The listing is to be transcribed in full, with its images left out.

··· SUPPLIED MATERIAL ···

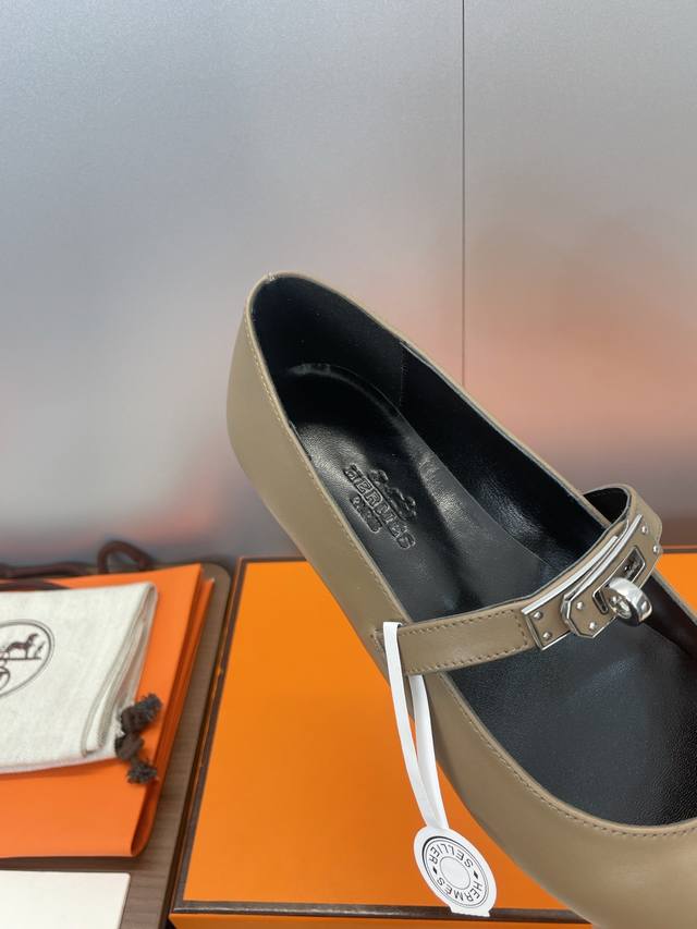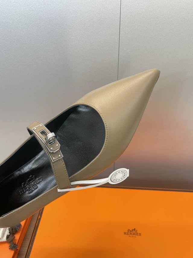 工厂P价P 莞货 代购级 爱马仕 Hermes 2025秋冬新款 Lover 拼色女鞋 H家经典Kelly五金皮带平底尖头气质单鞋 材质:鞋面进口小牛皮 +水染
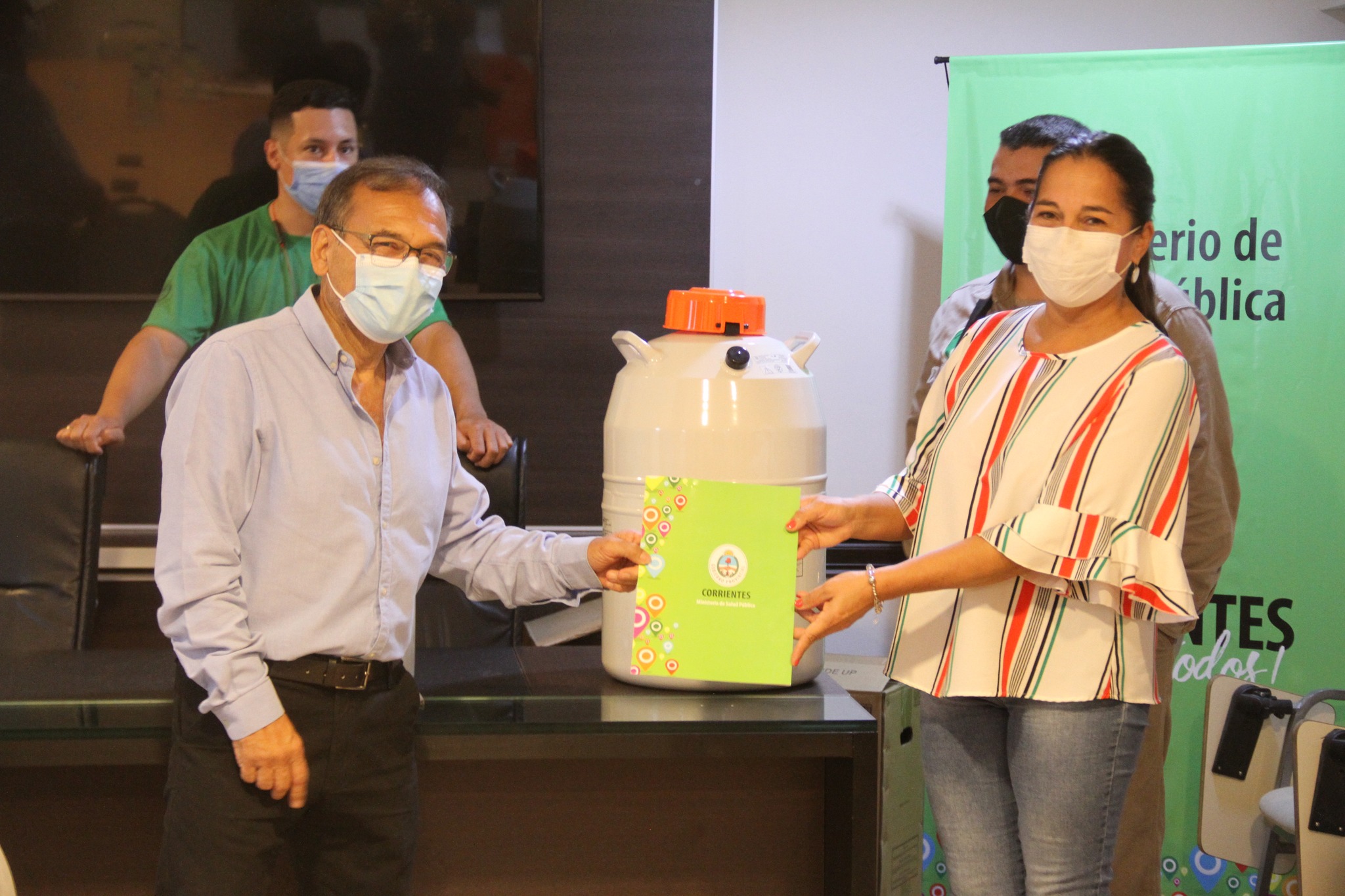 El ministro de Salud Pública de la Provincia, Ricardo Cardozo, entregó hoy a la Dirección de Control de Enfermedades Vectoriales y Zoonosis dos Termos de Nitrógeno Líquido, equipos fundamentales para la vigilancia de la Fiebre Amarilla.
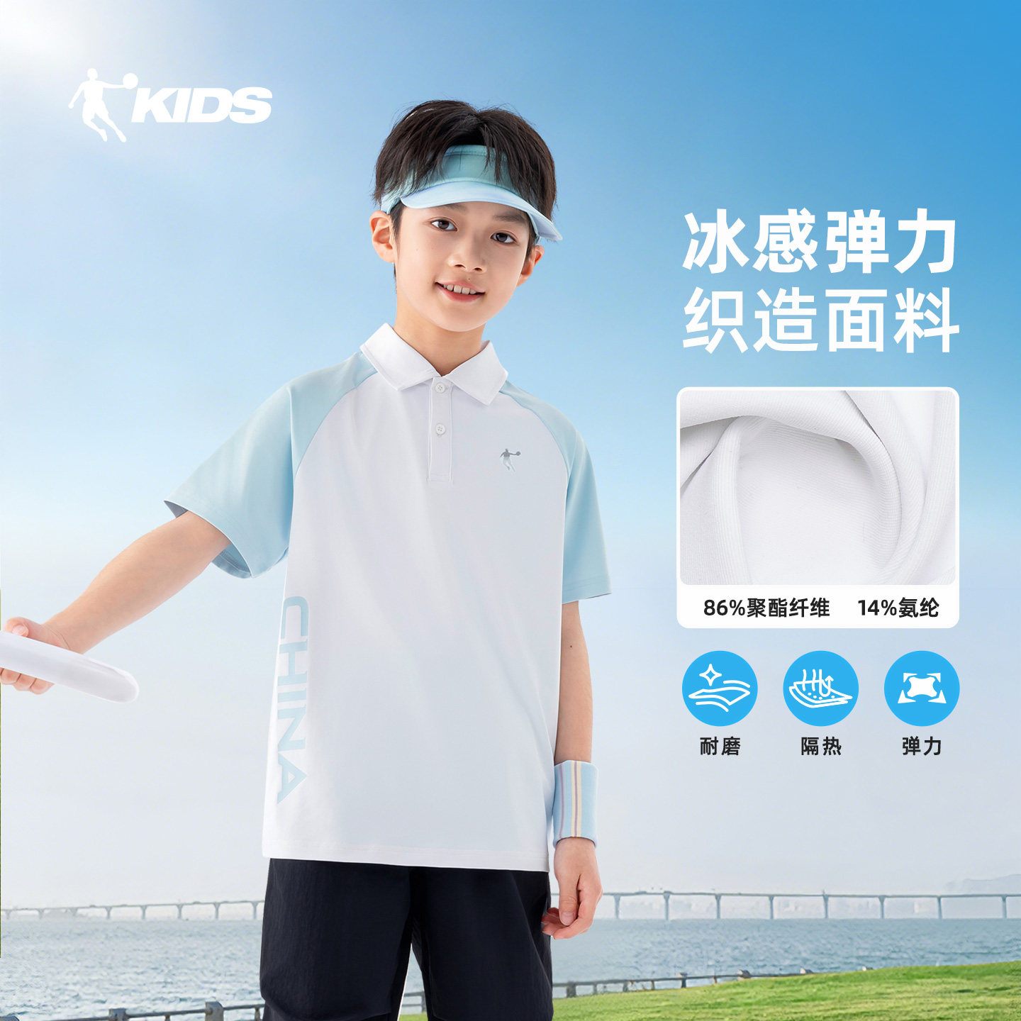 乔丹童装男童短袖polo衫2026夏季新款儿童速干T恤大童运动翻领短t
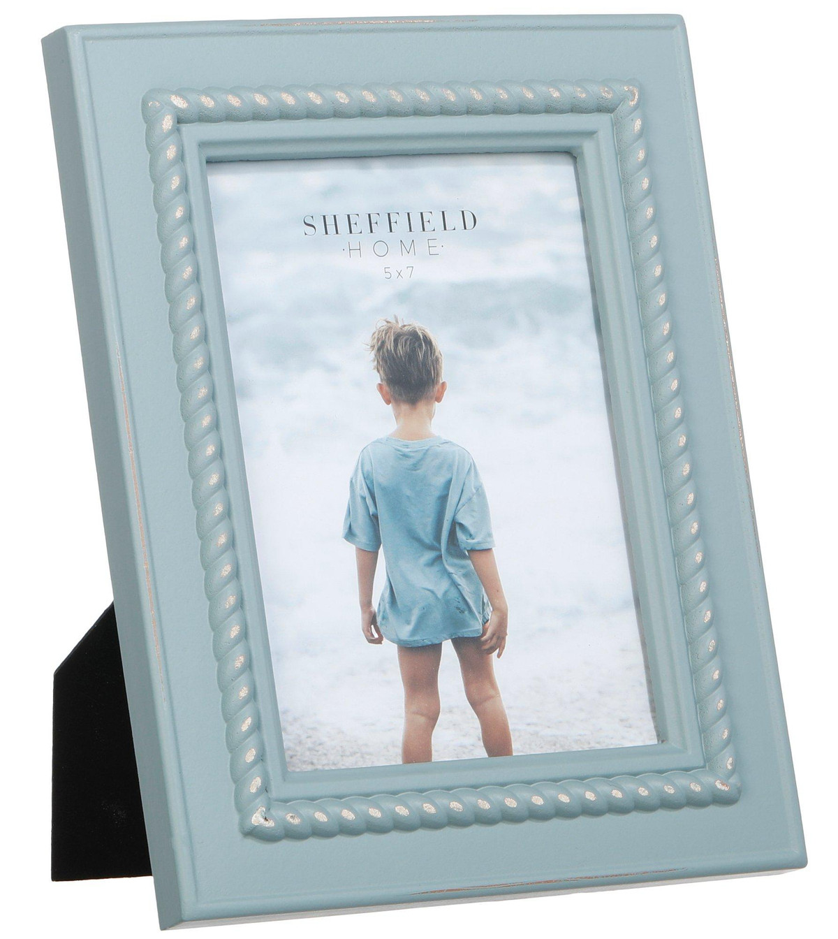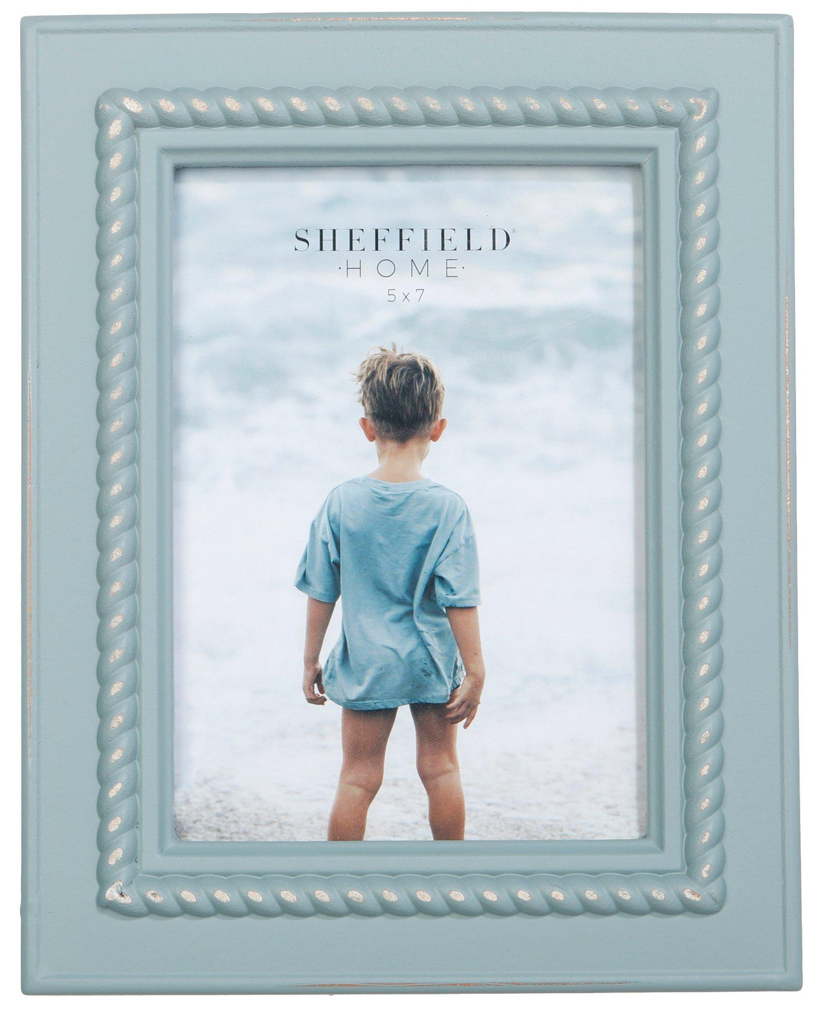 Showcase your favorite photos with this Blue Rope Photo Frame, beautifully made of durable resin. The unique design adds a touch of modern elegance to any room, while the durable resin construction ensures lasting beauty. Perfect for both contemporary and traditional decor styles, this frame combines functionality with artistic flair, making it a standout piece in your home. Measures approximately: Frame – 7.5 in x 9.5 in x 1 in, Opening – 5 in x 7 in.

···

RESPONSE -
 工厂P价P 莞货 代购级 爱马仕 Hermes 2025秋冬新款 Lover 拼色女鞋 H家经典Kelly五金皮带平底尖头气质单鞋 材质:鞋面进口小牛皮 +水染
 El ministro de Salud Pública de la Provincia, Ricardo Cardozo, entregó hoy a la Dirección de Control de Enfermedades Vectoriales y Zoonosis dos Termos de Nitrógeno Líquido, equipos fundamentales para la vigilancia de la Fiebre Amarilla.
 乔丹童装男童短袖polo衫2026夏季新款儿童速干T恤大童运动翻领短t
 Showcase your favorite photos with this Blue Rope Photo Frame, beautifully made of durable resin. The unique design adds a touch of modern elegance to any room, while the durable resin construction ensures lasting beauty. Perfect for both contemporary and traditional decor styles, this frame combines functionality with artistic flair, making it a standout piece in your home. Measures approximately: Frame – 7.5 in x 9.5 in x 1 in, Opening – 5 in x 7 in.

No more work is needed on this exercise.